L’ambiance derrière les fourneaux est concentrée mais zen. «Je me suis fait hurler dessus par des chefs caractériels, j’ai vu des commis traités de façon abominable. Je suis très attaché au respect des employés.» Sa brigade décrit un chef atypique, enjoué, proche de son équipe. «Exigeant mais patient, résume un commis. On apprend dans la positivité et la bienveillance.»
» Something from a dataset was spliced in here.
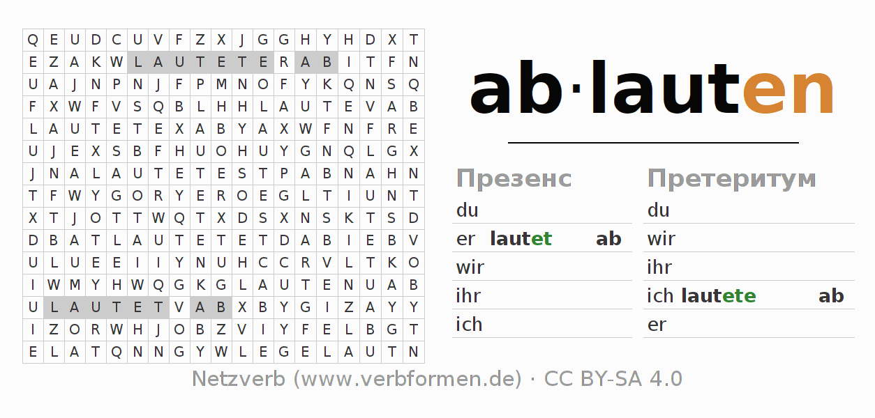 С помощью этих головоломок по поиску слов Вы можете подходящим для Вас способом изучать спряжение немецкого глагола ablauten.
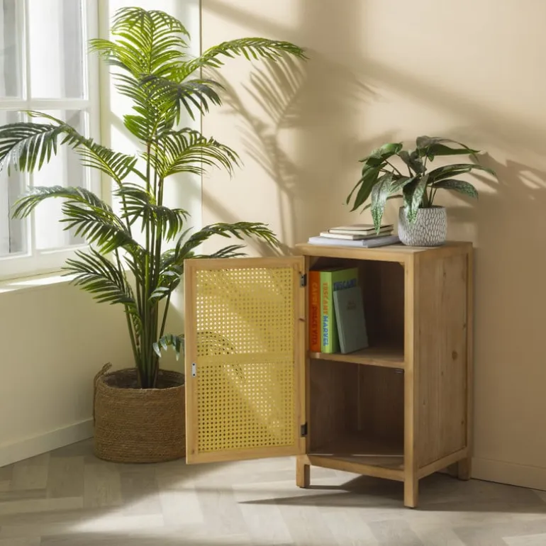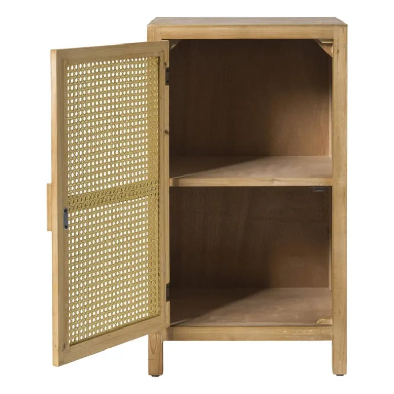 Deze kast is gemaakt van hout en de voorkant van de deurtjes zijn gemaakt van webbing. Webbing is een speciale manier van rotan vlechten en bestaat sinds het begin van de twintigste eeuw, maar is nu helemaal terug van weggeweest! Het vlechtwerk zorgt voor een bohemian en retro look: helemaal van deze tijd dus.

L’ascension de Laurent Magnin n’a pas échappé aux producteurs de «Top Chef». «On m’a proposé de participer. Je ne dénigre pas – je regarde l’émission –, mais ce n’est pas quelque chose qui me correspond. Je ne suis pas quelqu’un de très expressif, qui va en faire trois tonnes quand il a réussi son œuf au plat. Je ne pense pas avoir les talents d’Actors Studio nécessaires pour la télévision.»

La rencontre s’achève par l’essentiel: le repas. Quelques jours avant la fermeture estivale de L’Arcane, nous avons le bonheur de déguster un carpaccio de saumon rafraîchi au ponzu, cacahuètes, sorbet à la citronnelle et baies Magao; de l’aiguillette de saint-pierre, avocat en tempura, pickles de radis rose et lime du désert; du homard bleu de Bretagne, fenouil sauvage, perles de yuzu et jus de carapace; de la canette de Challens, houmous, girolles et amandes fraîches, polenta au gruyère; une panna cotta à la pistache, cerises saisies au gin et sorbet végétal. Tout est dit.